In the records below, reproduce exactly the lines from the one containing "Architecture Castle Clouds" through the one containing "JASS(日本農林規格)の基", both included, and omit the pictures.
*** Begin section ***
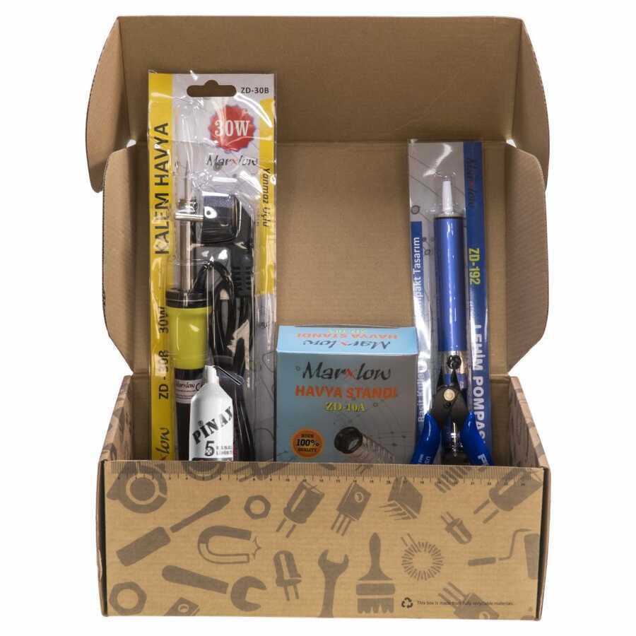 Super Soldering Kit is a unique and complete kit created by Robotistan for those who want to start "Do It Yourself" projects, those who are curious about electronics and circuit boards, and those who will solder as a hobby or as a job. This kit contains all the essential tools you may need. By having a soldering iron set, you can start your "Do It Yourself" projects right away. Product images are representative. Different colors and varieties of products may be sent depending on stock availability.
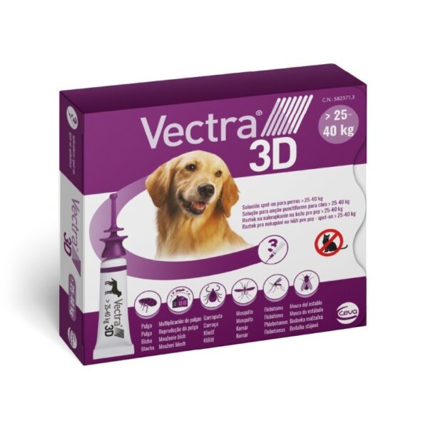 Las pipetas Vectra 3D ofrecen una protección eficaz y de amplio espectro contra los principales parásitos externos que afectan a los perros. Su fórmula única actúa de forma rápida y prolongada, eliminando y repeliendo pulgas, garrapatas, mosquitos, flebótomos (vectores de la leishmaniosis) y moscas del establo.
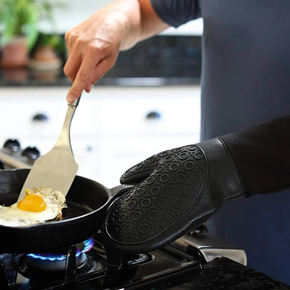 (15% Off) Купить Лучшие силиконовые рукавицы с стеганой хлопковой подкладкой Профессиональные Термостойкие кухонные перчатки 1 пара (черный) Продажа Дешево
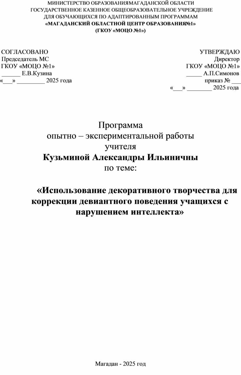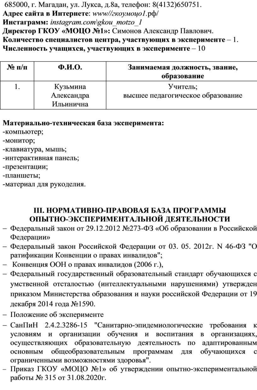 - Приказ ГКОУ «МОЦО №1» об утверждении опытно-экспериментальной работы № 315 от 31.08.2020г.
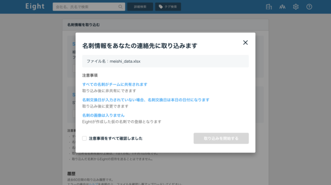名刺情報を入力したテンプレートファイルをEightにアップロードします。1回のアップロードで名刺1万枚までの情報を取り込むことができます。
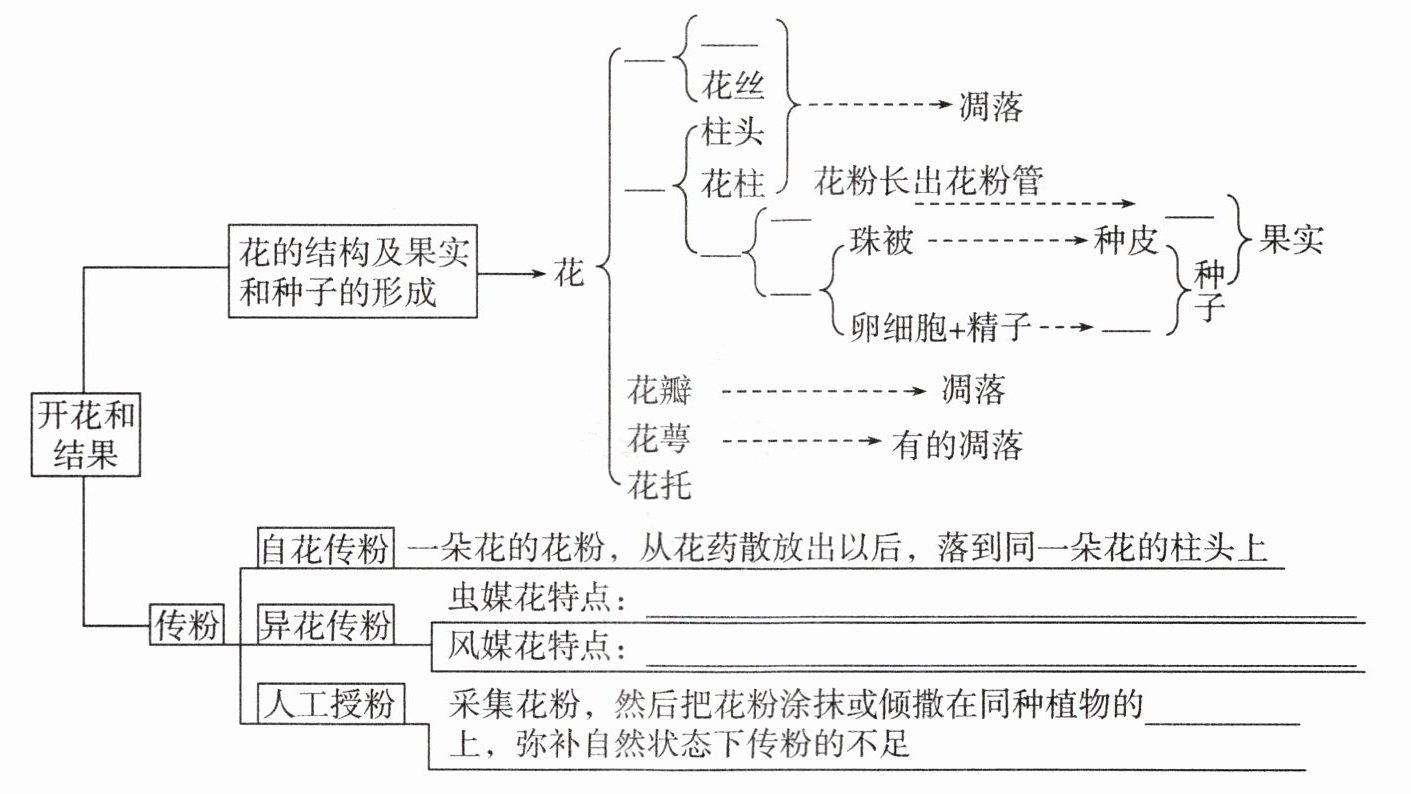 雄蕊;雌蕊;子房;胚珠;受精卵;具有鲜艳的颜色、芳香的气味和甜美的花蜜;花粉多而轻,柱头常有分叉和黏液;柱头
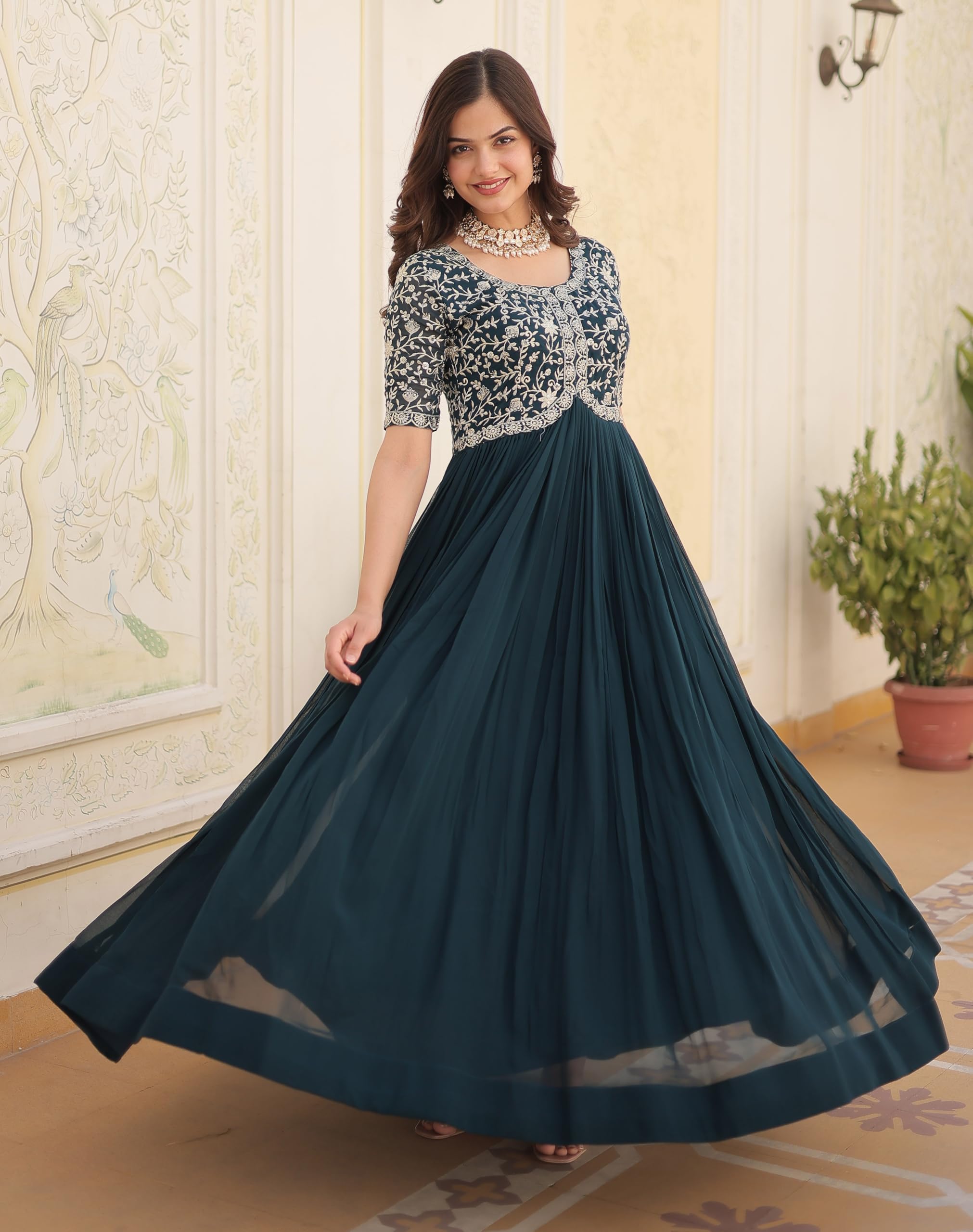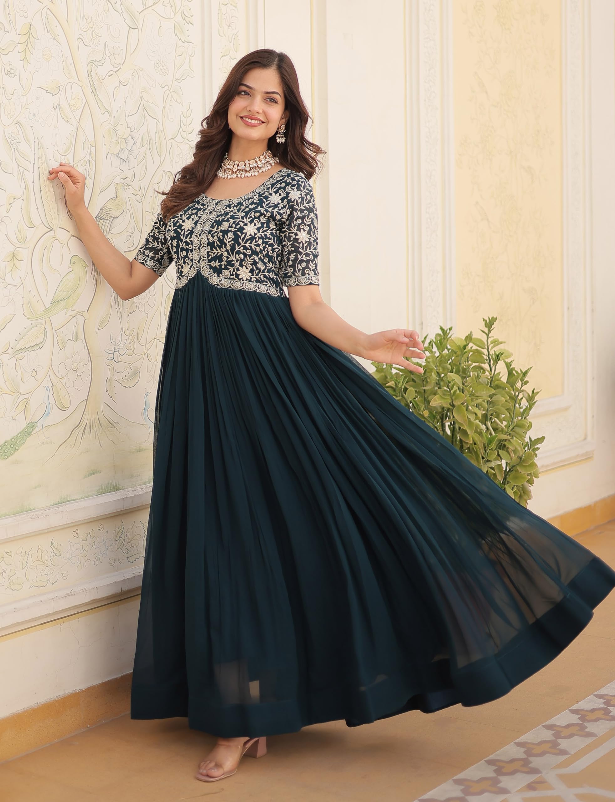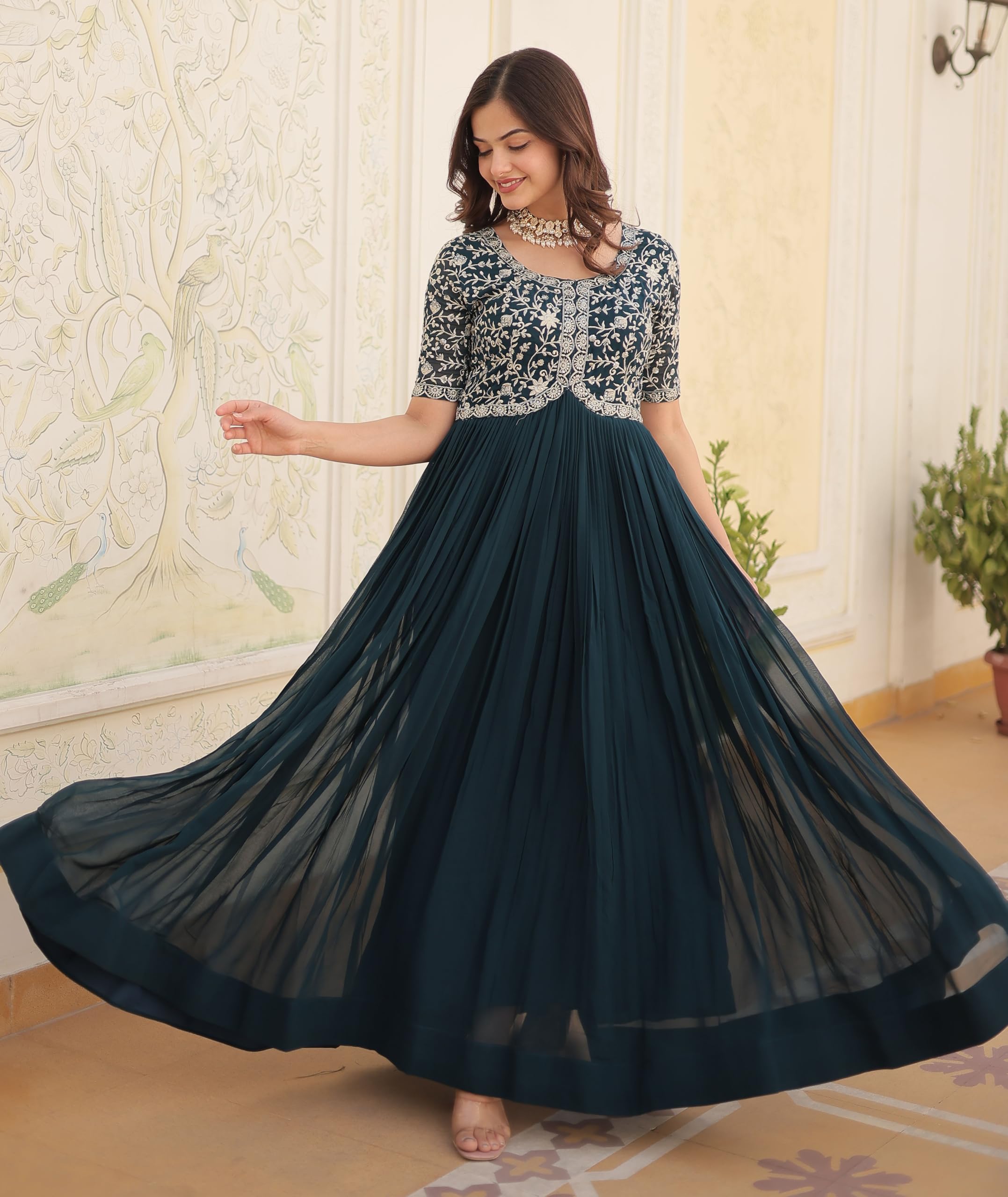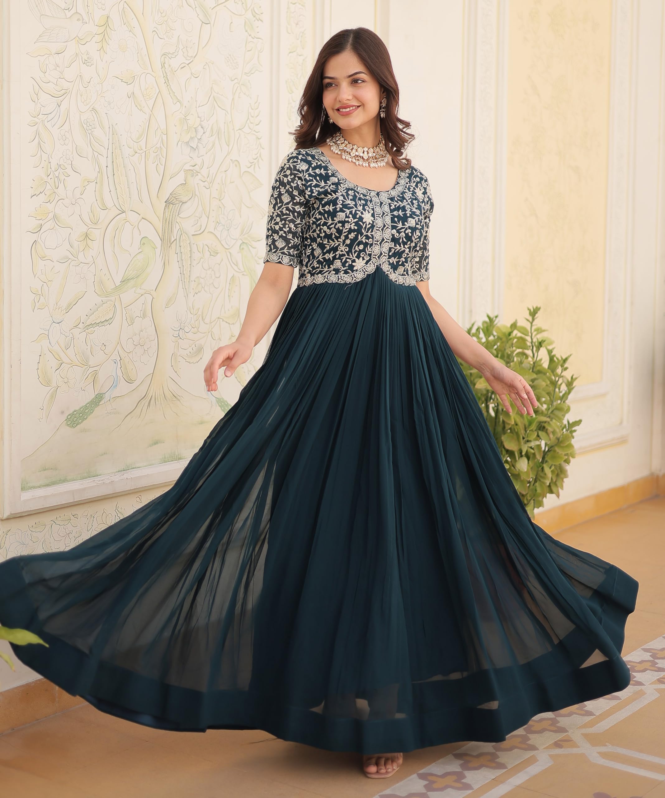 - FABRIC & WORK:- Faux Blooming with Embroidery Zari Sequins-work
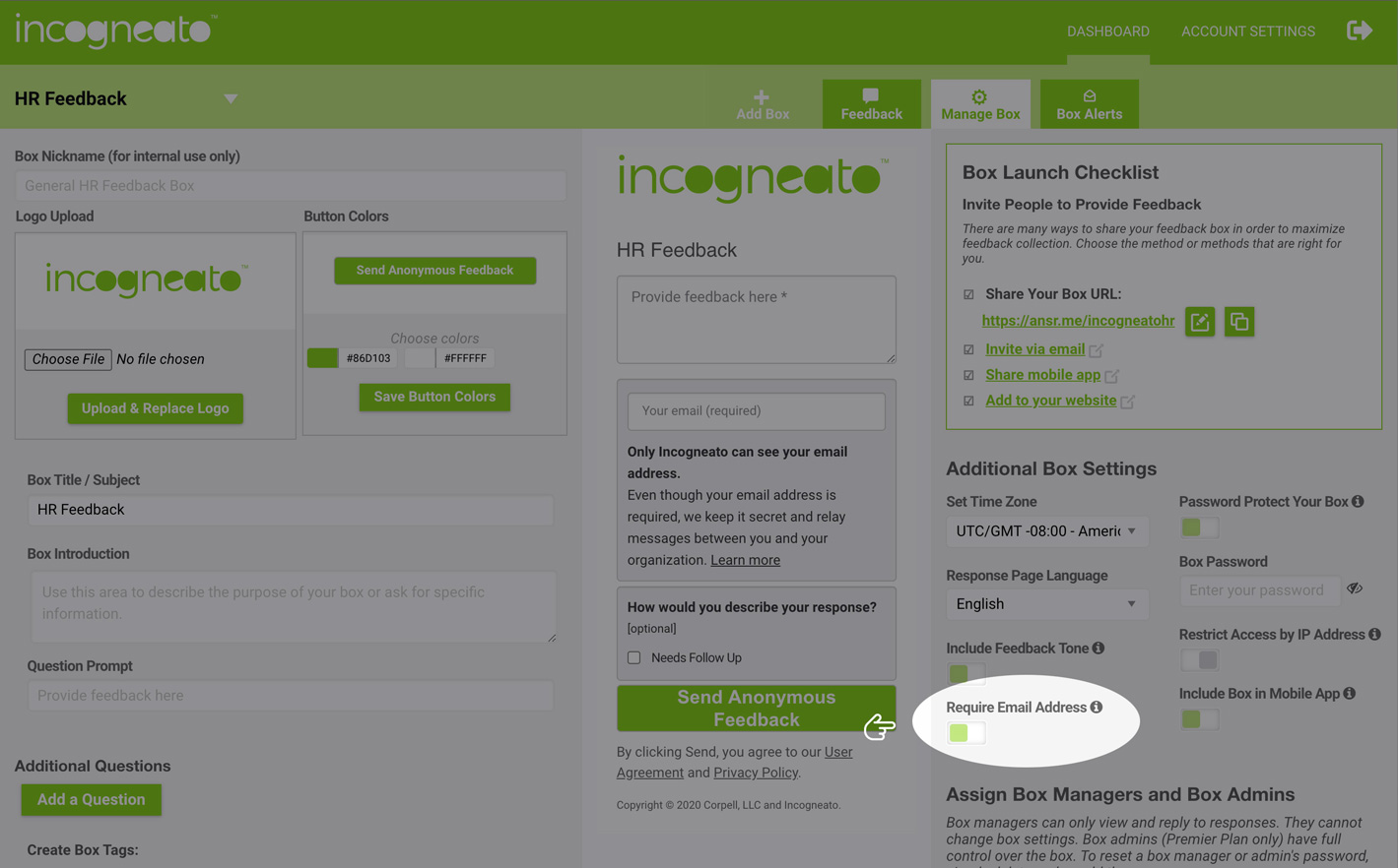 Log in to your account, navigate to the Manage Box screen, and find the Require Email Address toggle in the right sidebar. Clicking this toggle will turn this feature on and/or off.
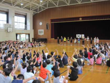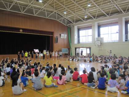 たてわりオリエンテーリングの前に,保健委員会から熱中症についてのお知らせを全校に行いました。児童が中心となって○×クイズを出しながらお知らせしました。
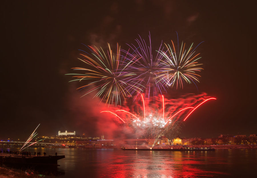 Architecture Castle Clouds Water Lights Tower Night
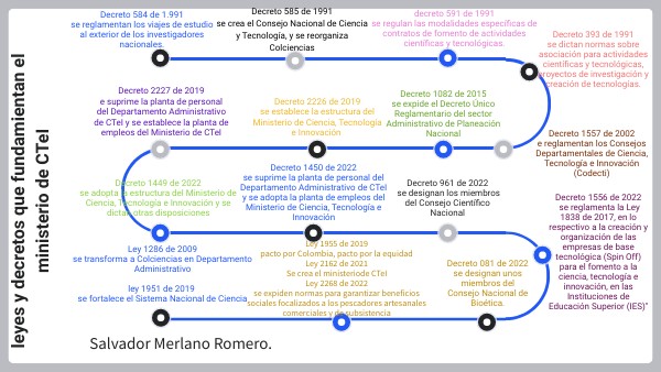 Ley 1955 de 2019 pacto por Colombia, pacto por la equidad Ley 2162 de 2021 Se crea el ministeriode CTeI Ley 2268 de 2022 se expiden normas para garantizar beneficios sociales focalizados a los pescadores artesanales comerciales y de subsistencia
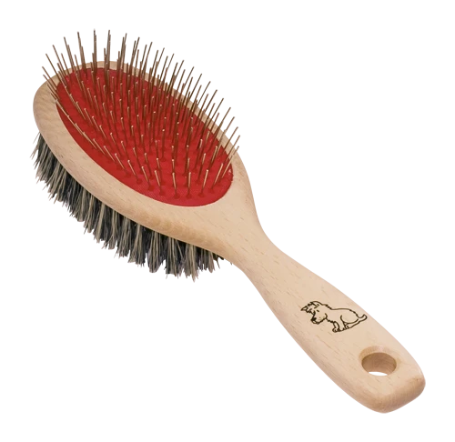 A top quality minimalist design, this dog brush was crafted by master brush makers Bürstenhaus Redecker in Germany.Specially designed from natural materials to care for your dog’s fur, this brush features an expertly made waxed beechwood handle and two sides of bristles – one is a blend of union and tampico fibre bristles (sourced from Agave and Yucca unique to Mexico), the other side features metal pins that are designed for brushing matted coats.For the best fur care on your dog.Waxed beechwood, with tampico fibre / union fibre on one side and metal pins on the other.Size: 23.5 cm
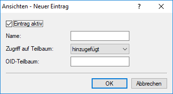 - Bestimmen Sie, ob die nachfolgend angegebenen OID-Teilbäume Bestandteil ("hinzugefügt") oder kein Bestandteil ("entfernt") der Ansicht sind.
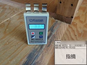 JASS(日本農林規格)の基準では、床合板は14%以下である。下記の数値では自然乾燥では工事完中に乾燥しない為、乾燥を促す処置(送風機やヒーター使用等)を取るように指示をした。
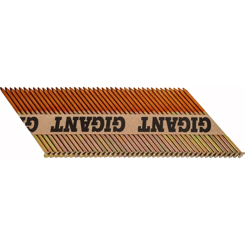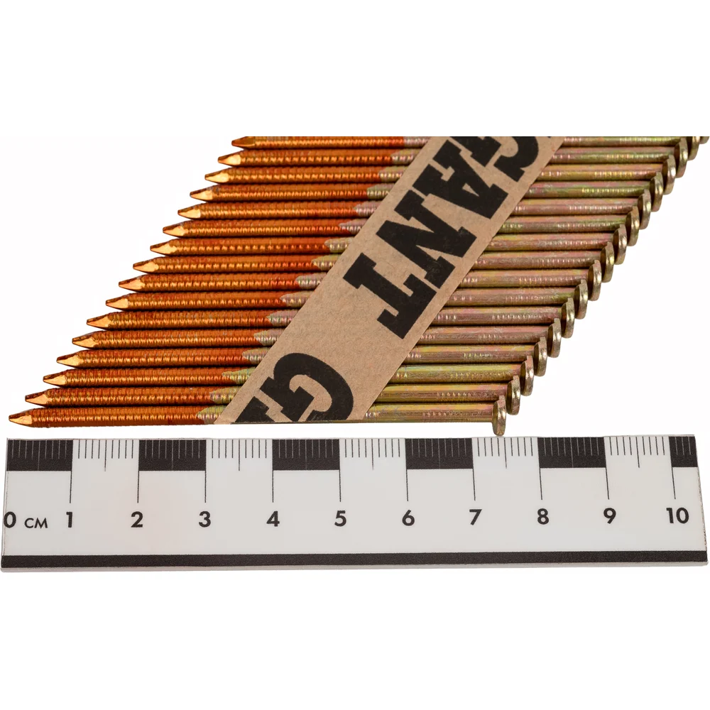 Реечный гвоздь по дереву Gigant GGR-75-3RH используется в строительстве (сборке стропильных систем, деревянных каркасов), упаковочных работах и иных сферах. Рифленый стержень обеспечивает надежное сцепление с материалом, предотвращая выскальзывание. Упаковка из 2000 штук делает их экономичным выбором для крупных проектов. Гальваническое покрытие защищает гвозди от коррозии и позволяет использовать их даже в агрессивных средах. Расположены под углом 34 градуса, это позволяет не задевать шляпку соседнего гвоздя при монтаже и увеличивает срок службы пистолета. В комплекте 50 кассет на бумаге, в каждой кассете по 40 гвоздей. Могут использоваться с газовыми или аккумуляторными пистолетами большинства производителей, представленных на рынке (Hybest, Fubag, Зубр, Metabo и др.). Кольцевая накатка обеспечивает повышенное сцепление с древесиной. Бумажная основа и клей подобраны таким образом, что кассеты не разбиваются при падении, а при монтаже бумага полностью отделяется с гвоздем и не застревает в обойме.
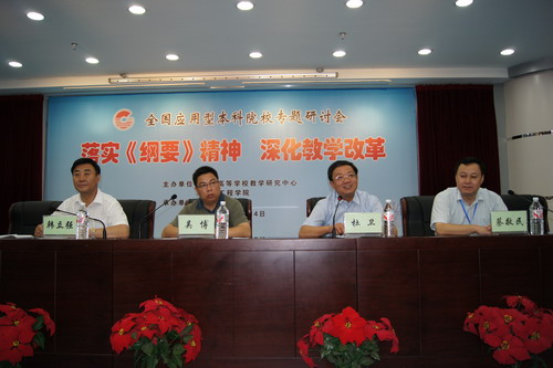 全国高校教学研究会应用型本科院校专门委员会主任陈小虎结合《国家中长期教育改革和发展规划纲要》(2010—2020年),作了题为“对应用型本科教育再思考”的报告。申搏校长杜卫主持大会分组讨论,并在闭幕式上发言。副校长赵东福作了关于申搏高素质应用型人才培养模式改革与创新的大会发言。参加大会交流发言的还有南京工程学院、黑龙江工程学院、合肥学院等7所应用型本科院校。
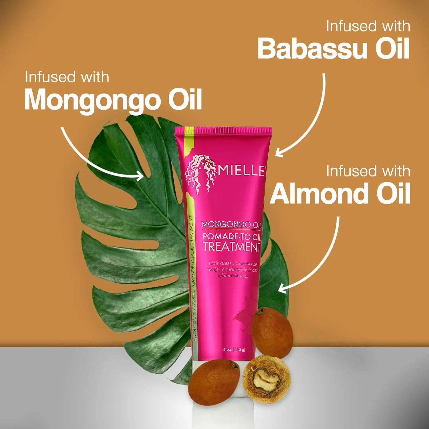 This Mongongo Oil Pomade-To-Oil Treatment combines enriched ingredients such as almond oil, safflower oil and beeswax to fight frizz and create soft, sleek styles with impeccable shine.
*** End section ***
* _Response_
 Architecture Castle Clouds Water Lights Tower Night
 Ley 1955 de 2019 pacto por Colombia, pacto por la equidad Ley 2162 de 2021 Se crea el ministeriode CTeI Ley 2268 de 2022 se expiden normas para garantizar beneficios sociales focalizados a los pescadores artesanales comerciales y de subsistencia
 A top quality minimalist design, this dog brush was crafted by master brush makers Bürstenhaus Redecker in Germany.Specially designed from natural materials to care for your dog’s fur, this brush features an expertly made waxed beechwood handle and two sides of bristles – one is a blend of union and tampico fibre bristles (sourced from Agave and Yucca unique to Mexico), the other side features metal pins that are designed for brushing matted coats.For the best fur care on your dog.Waxed beechwood, with tampico fibre / union fibre on one side and metal pins on the other.Size: 23.5 cm
 - Bestimmen Sie, ob die nachfolgend angegebenen OID-Teilbäume Bestandteil ("hinzugefügt") oder kein Bestandteil ("entfernt") der Ansicht sind.
 JASS(日本農林規格)の基準では、床合板は14%以下である。下記の数値では自然乾燥では工事完中に乾燥しない為、乾燥を促す処置(送風機やヒーター使用等)を取るように指示をした。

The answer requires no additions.